:: Dataset entries ::
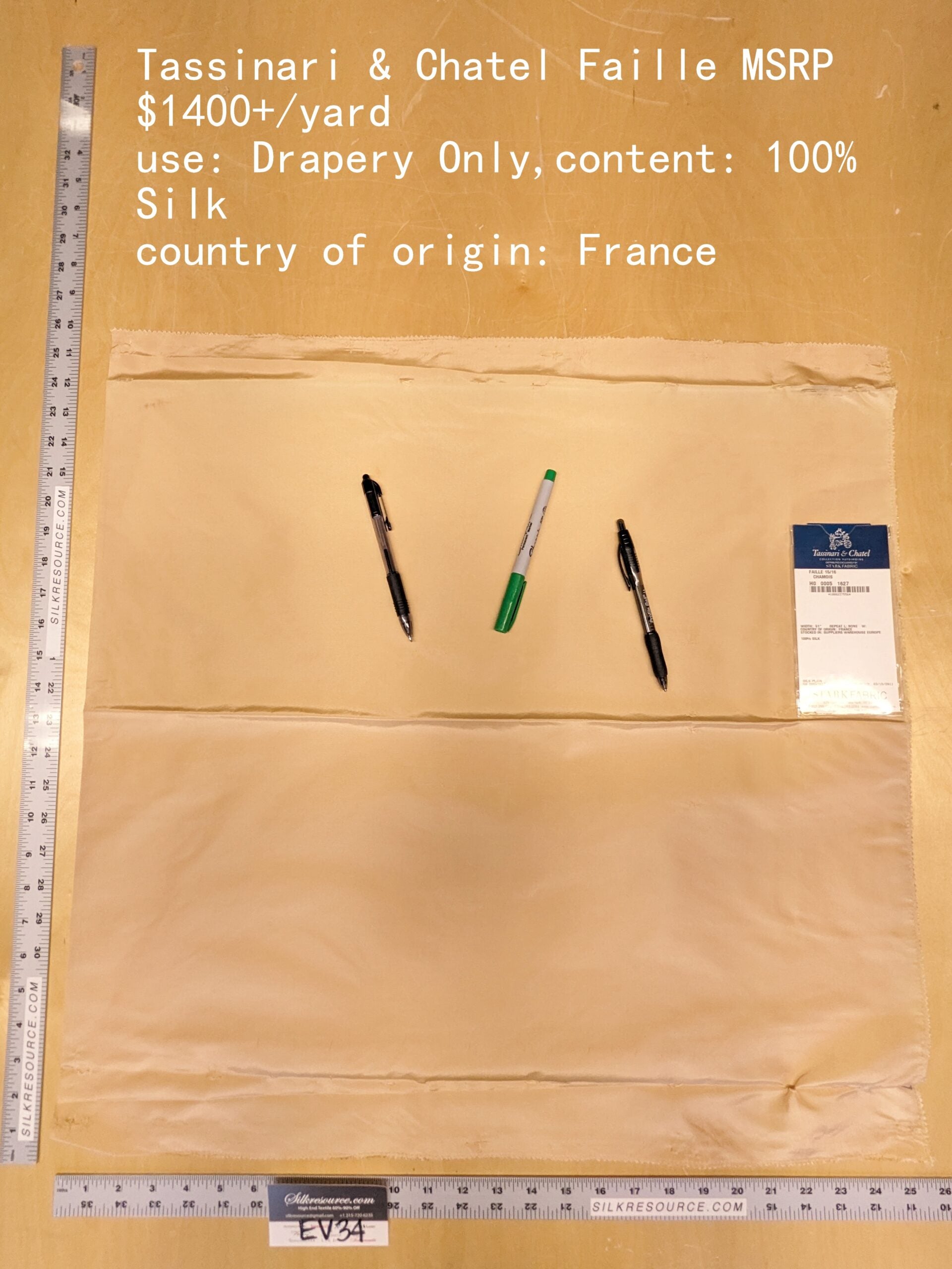 75 EV34 Special Square Plain Fabric by Tassinari and Chatel Faille Chamois Yellow Silk Plain MSRP USD1400+/y
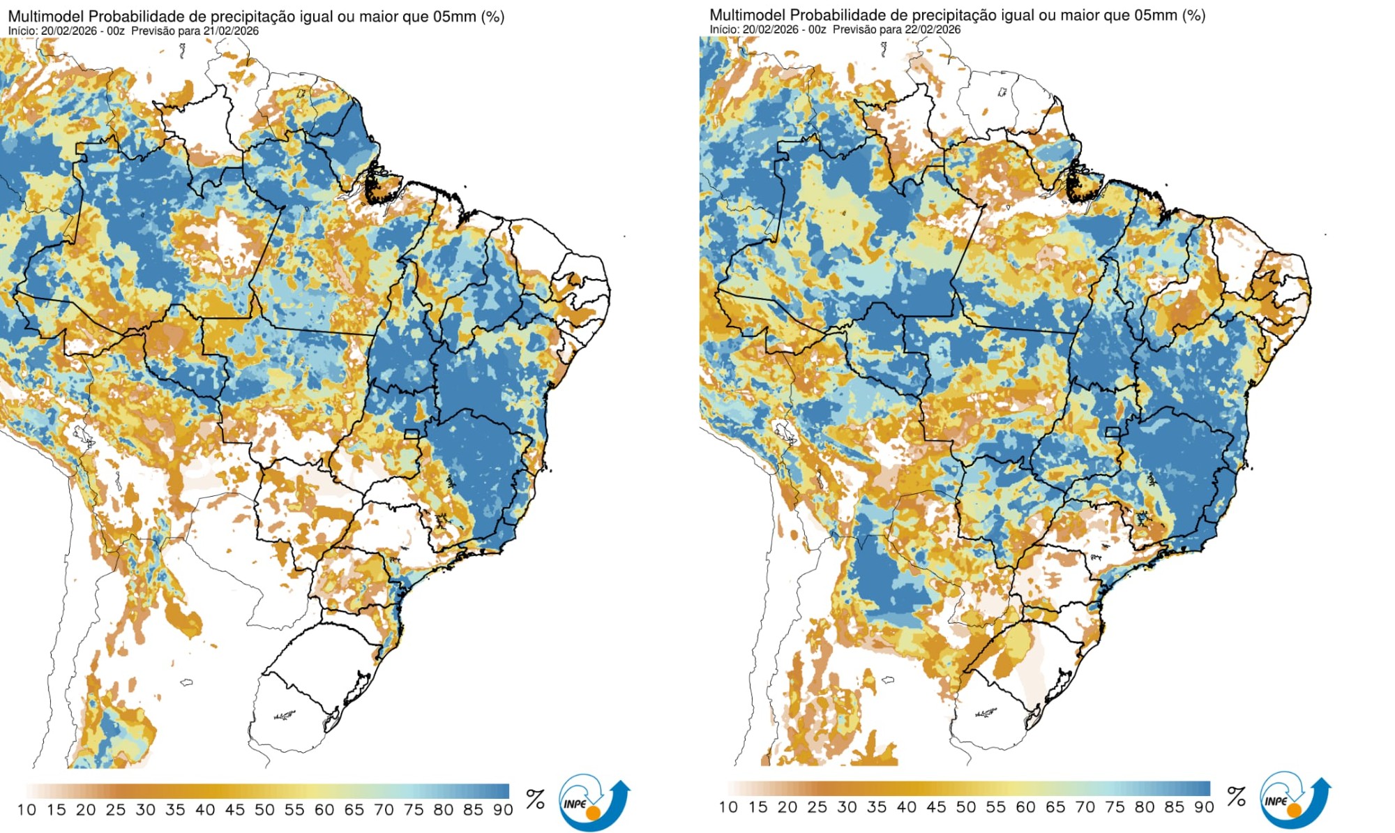O Nordeste também terá um fim de semana marcado por chuvas mais fortes. O destaque fica com a Bahia e com o Piauí, estados que têm aviso de acumulado até o fim de sábado classificado como grande perigo pelo Inmet. Essa área pode ter chuva superior a 60 mm/h ou acima de 100 mm/dia.
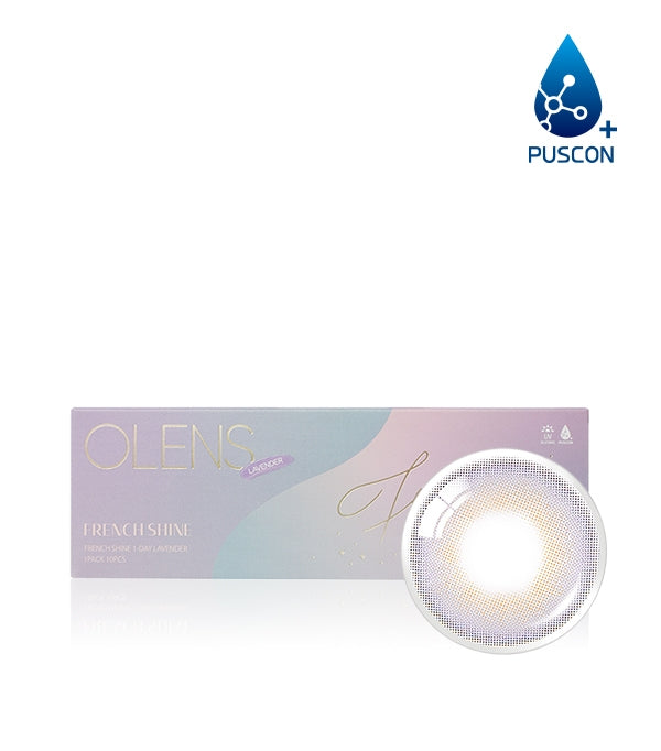 OLENS 1-Day French Shine Lavender lenses blend advanced PUSCON hydrogel and 48% water content with a delicate lavender-gold gradation. Engineered with precise 14.2 mm DIA, 13.2 mm G.DIA, and 8.7 mm BC dimensions, and offered in a hygienic 10 day disposable pack (plano to -8.00 D), they deliver radiant, natural eye enhancement and all-day comfort.
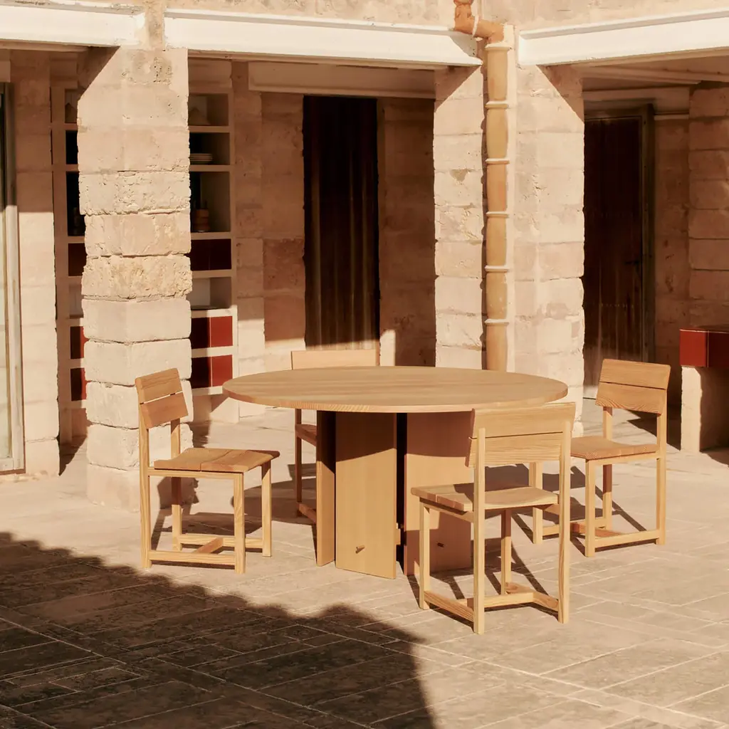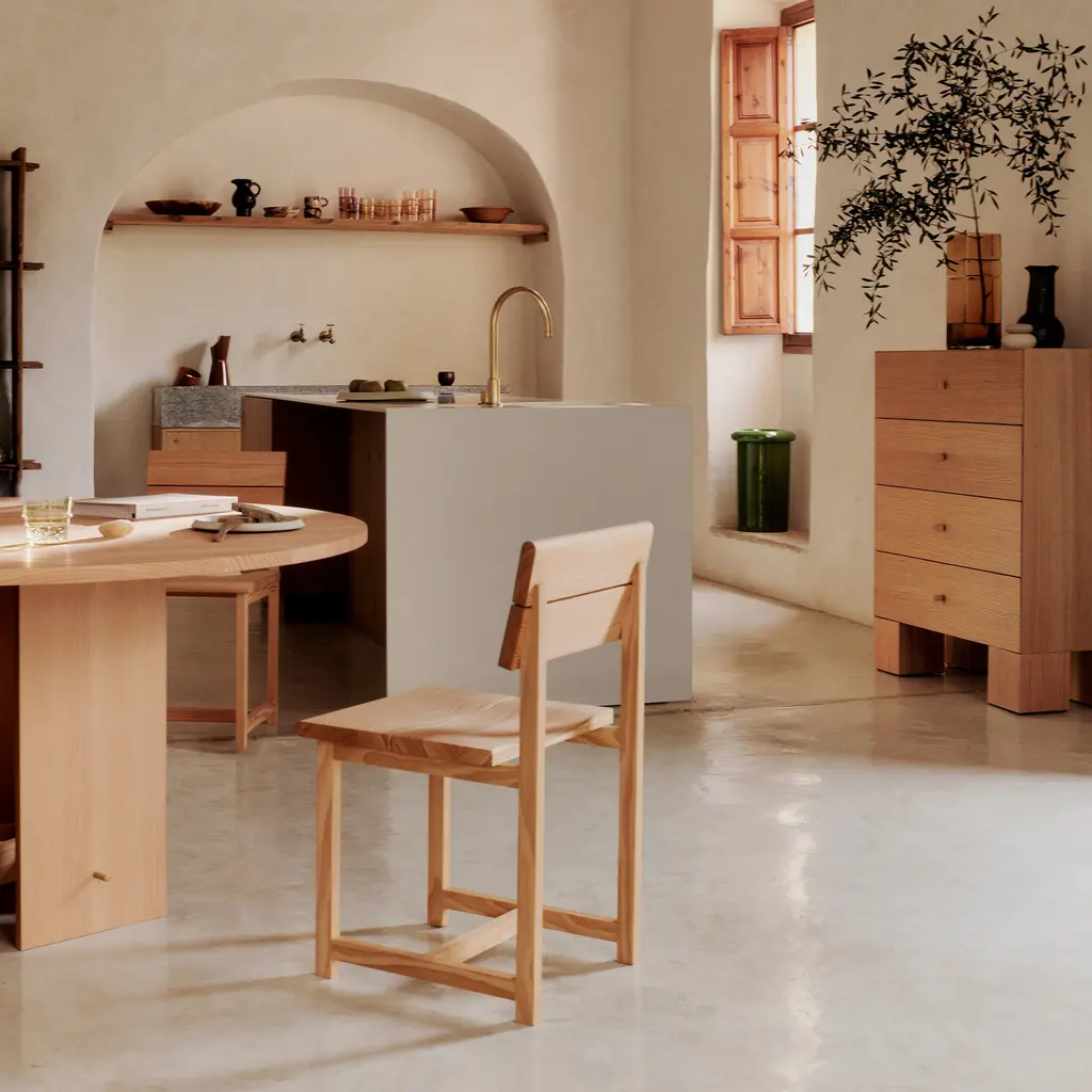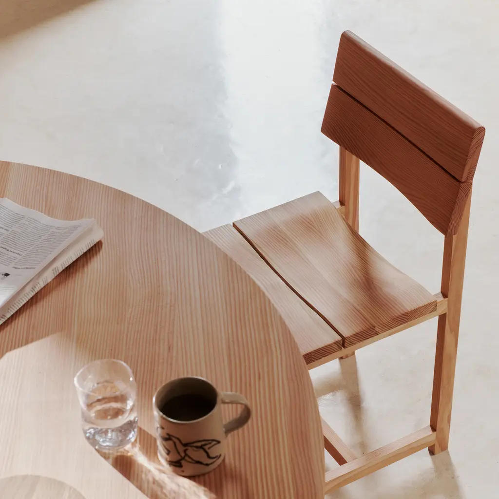 Among all pieces of furniture, the dining table is the one at the heart of a family’s most heartwarming memories, from breakfasts with the kids to Christmas dinners and heartfelt night talks over glasses of wine. The Aukko Dining Table is the perfect companion to all of these moments. Inspired by Can Lis, the family home of the world-famous architect of the Syndey Opera House, Jørn Utzon, the table incorporates both architectural elements and the warmth of Mallorcan crafting traditions. Featuring a beautifully structured design, the table boasts wide wood panels arranged at an angle in a sculptural design and a circular top that keeps everyone on an equal footing. The use of FSC™ Mix-certified Douglas fir lends the dining table natural charm while bringing a touch of rustic warmth into contemporary spaces. Additionally, the Aukko Dining Table is sent flat-packed to minimize packaging materials and optimize function. Want to create a harmonious dining space? Matching dining chairs from the same collection are also available.
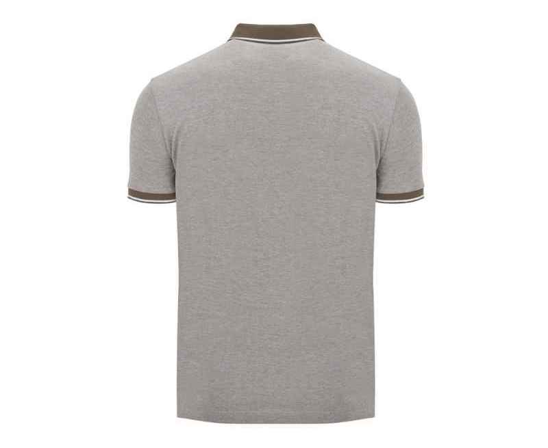 Рубашка поло с коротким рукавом. Манжеты и воротник из однотонного риба 1х1 с контрастными полосками. Планка на 3 пуговицы. Низ с боковыми разрезами, отделанными тесьмой. Спинка немного длиннее полочки. Полотно с меланжевым эффектом.

:: Work order ::
What is needed is a word-for-word restatement of the entries, minus any pictures.

:: Reply ::
 75 EV34 Special Square Plain Fabric by Tassinari and Chatel Faille Chamois Yellow Silk Plain MSRP USD1400+/y
O Nordeste também terá um fim de semana marcado por chuvas mais fortes. O destaque fica com a Bahia e com o Piauí, estados que têm aviso de acumulado até o fim de sábado classificado como grande perigo pelo Inmet. Essa área pode ter chuva superior a 60 mm/h ou acima de 100 mm/dia.
 OLENS 1-Day French Shine Lavender lenses blend advanced PUSCON hydrogel and 48% water content with a delicate lavender-gold gradation. Engineered with precise 14.2 mm DIA, 13.2 mm G.DIA, and 8.7 mm BC dimensions, and offered in a hygienic 10 day disposable pack (plano to -8.00 D), they deliver radiant, natural eye enhancement and all-day comfort.
 Among all pieces of furniture, the dining table is the one at the heart of a family’s most heartwarming memories, from breakfasts with the kids to Christmas dinners and heartfelt night talks over glasses of wine. The Aukko Dining Table is the perfect companion to all of these moments. Inspired by Can Lis, the family home of the world-famous architect of the Syndey Opera House, Jørn Utzon, the table incorporates both architectural elements and the warmth of Mallorcan crafting traditions. Featuring a beautifully structured design, the table boasts wide wood panels arranged at an angle in a sculptural design and a circular top that keeps everyone on an equal footing. The use of FSC™ Mix-certified Douglas fir lends the dining table natural charm while bringing a touch of rustic warmth into contemporary spaces. Additionally, the Aukko Dining Table is sent flat-packed to minimize packaging materials and optimize function. Want to create a harmonious dining space? Matching dining chairs from the same collection are also available.
 Рубашка поло с коротким рукавом. Манжеты и воротник из однотонного риба 1х1 с контрастными полосками. Планка на 3 пуговицы. Низ с боковыми разрезами, отделанными тесьмой. Спинка немного длиннее полочки. Полотно с меланжевым эффектом.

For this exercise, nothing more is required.